Risk factors for knee and hip OA consist of age, sex, obesity and cardiometabolic factors, all of which are central characteristics of metabolic dysfunction. The overlap between OA and metabolic dysfunction enabled scientists to put forward that OA might become a component of the metabolic syndrome [8]. An obvious characteristic of OA refers to the modification of proteins by nonenzymatic glycation. Nonenzymatic glycation is the frequently seen protein modification at the posttranslational level resulting from the reducing sugars. Reducing sugars can spontaneously condense with free amino groups within arginine or lysine residues on proteins, which contributes to forming the reversible Schiff base that can be later stabilized via Amadori rearrangement. Afterwards, browning or Maillard reactions transform those intermediate products generated at first to the advanced glycation end-products (AGEs) [9]. The accumulation of AGEs in cartilage results in inferior mechanical properties [10] and a change in cartilage metabolism [11, 12]. To be specific, cartilage stiffness elevates significantly as AGE level increases, whereas the articular chondrocytes-synthesized matrix is damaged [10]. In a recent study, in vivo effects of AGEs have been detected in a canine model of OA induced experimentally by anterior cruciate ligament transection. Animals showing increased AGE concentrations are more susceptible to OA compared with those exhibiting normal AGE concentrations [13]. The mechanism of AGEs in affecting articular cartilage cellular function needs to be further investigated. Changes of matrix synthesis are regulated via receptors for AGEs.

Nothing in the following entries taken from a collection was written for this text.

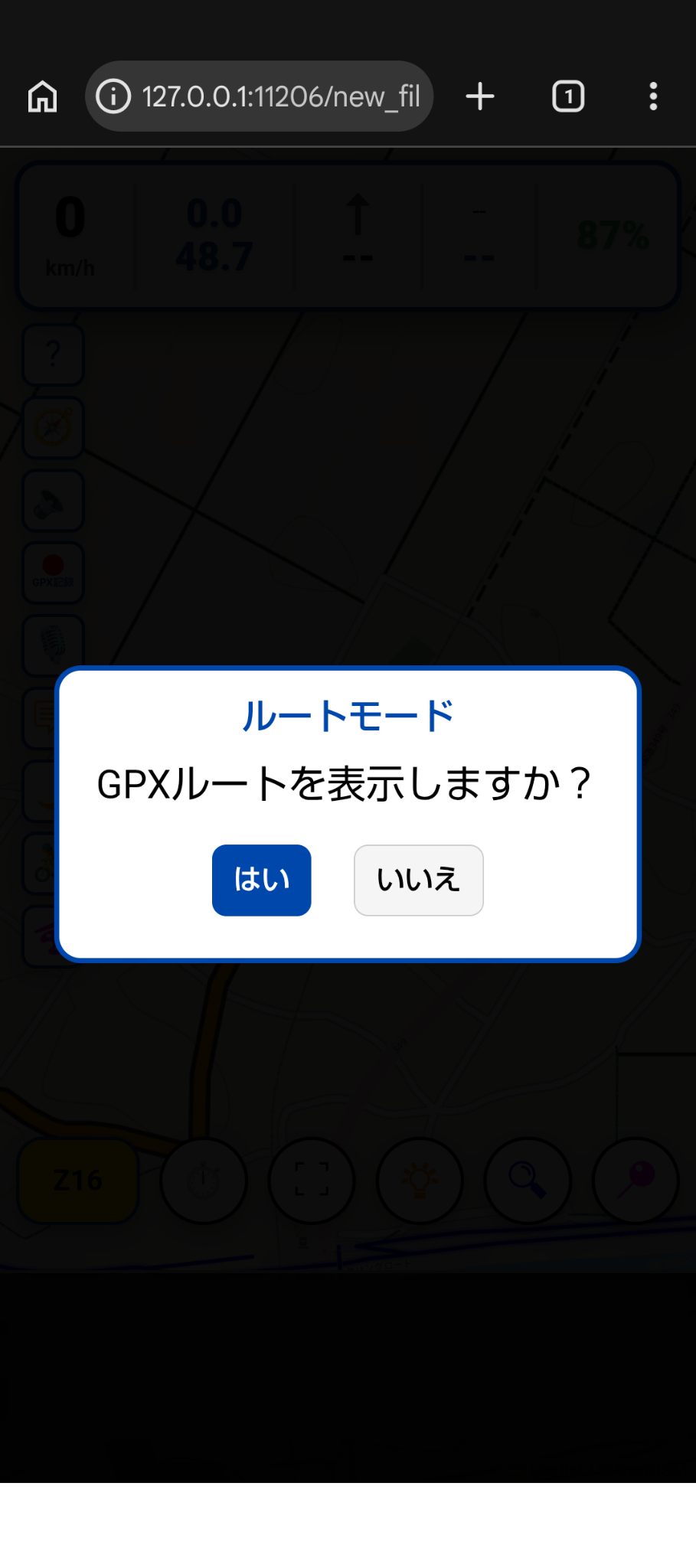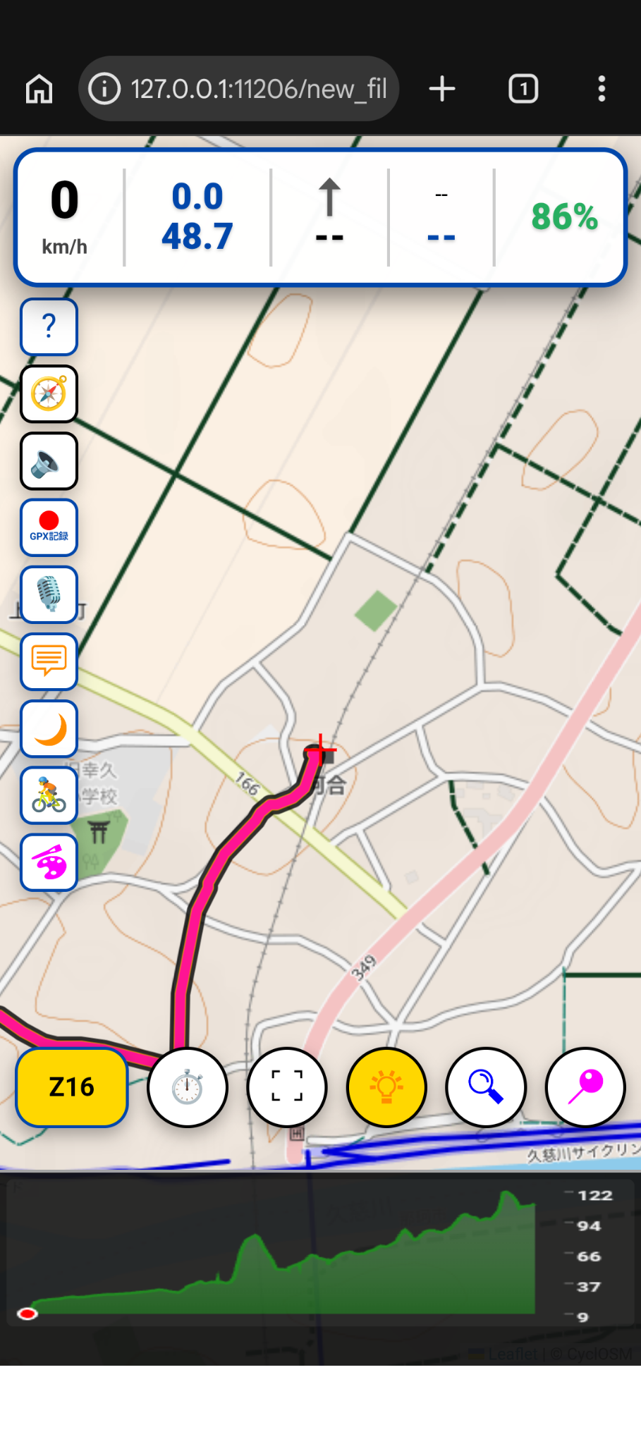 👉 最初は右下の「📍」をクリックする。GPS機能がONにされて、ルートでの現在位置に画面が移動します。
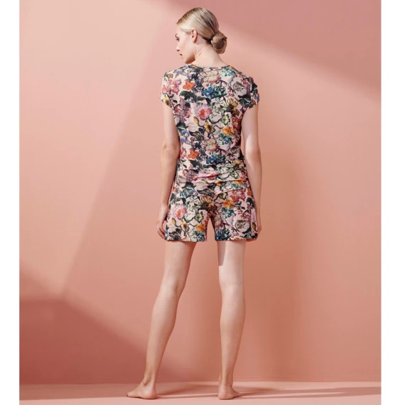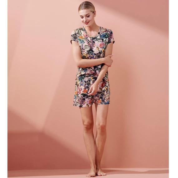 Das Saona Famke Pyjama Shirt von Essenza ist in der Farbe Rose erhältlich. Dieses stilvolle Pyjama Shirt hat einen schönes romantisches Blumen Muster. Die Inspiration für diese eleganten Blumen wurde in den schönen Stillleben der niederländischen Meister gefunden. Das kurzärmelige Oberteil besteht aus EcoVero, einer umweltfreundlichen Alternative zu Viskose, die aus Holz aus erneuerbaren und zertifizierten Wäldern in Europa hergestellt wird. Komfortabel und nachhaltig! Der Stoff ist herrlich leicht, fühlt sich seidig weich an und hat einen leichten Glanz. Verwöhnen Sie sich und Ihre Umgebung mit einem Meer von Blumen!
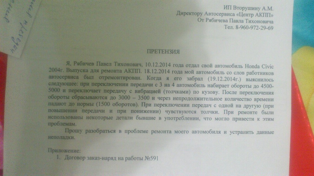 для начала он не стал соглашаться с претензией ссылаясь на то что он этого не видит не чувствует,поехали прокатились с ним,удалось пару раз показать легкие рывки на малых оборотах,при понижении и повышении,удалось показать что при кикдауне обороты после того как отпустили педаль газа держаться сами по себе пару секунд,удалось показать пинок с 1 на 2
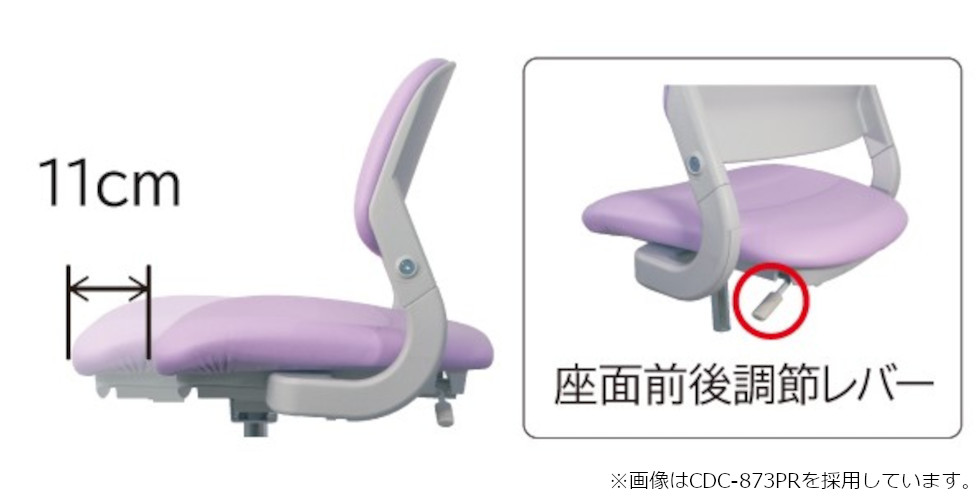 座面の奥行きは座面下のレバーで前後11㎝簡単にスライド調節できます。
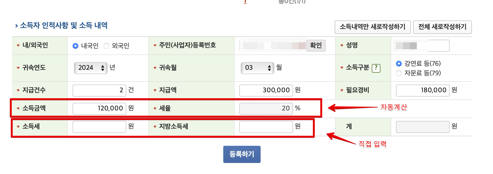 이제 다음 화면으로 넘어가서 지급액을 입력합니다. 그러면 자동으로 필요경비와 소득금액이 잡히며 세율은 기본적으로 고정돼 있습니다. 그런데 한가지 아쉬운 부분은 소득금액과 세율이 나오면 사실은 소득세와 지방소득세도 자동으로 계산이 되도록 만들 수 있는데도 불구하고 현재 시스템에서는 소득세와 지방소득세는 직접 입력을 해주어야하는 불편이 있습니다. 전체금액의 8.8%를 원천징수 하였기 때문에 8%는 소득세로, 0.8%는 지방소득세로 입력하면 됩니다.
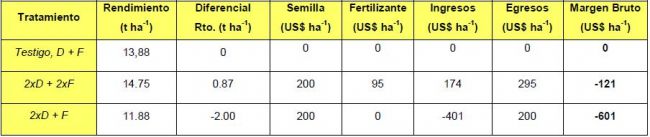 El segundo factor a considerar es el económico. Los técnicos mencionados hicieron las cuentas correspondientes. Consideraron como valor cero (0) el margen bruto del T1 (Testigo en la tabla N° 1); y para los demás tratamientos se resume la variación observada respecto del T1. De este modo pueden verse en la Tabla N° 1 los resultados. La situación de doble densidad de semillas y doble dosis de fertilizante (2xD+2xF) muestra, en valores absolutos, un rendimiento levemente superior, pero con una margen bruto inferior en 121 dólares/ha de campo doblemente sembrada y fertilizada. La diferencia es aún mayor para el T2 (2xD+F) ya que el rendimiento es claramente menor.
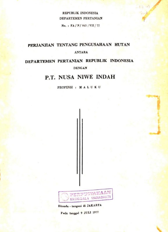 Perjanjian tentang pengusahaan hutan antara Departemen Pertanian RI dengan PT Nusa Niwe Indah: Propinsi Maluku

Some AGE receptors have been found, like scavenger receptors type I and type II, oligo saccharyl transferase 48 (AGE-R1), 80 K-H phosphoprotein (AGE-R2), galectin 3 (AGE-R3), and the receptor for advanced glycation end products (RAGE) [9]. RAGE belongs to the immunoglobulin superfamily of cell surface molecules, which can be detected on various cells [14].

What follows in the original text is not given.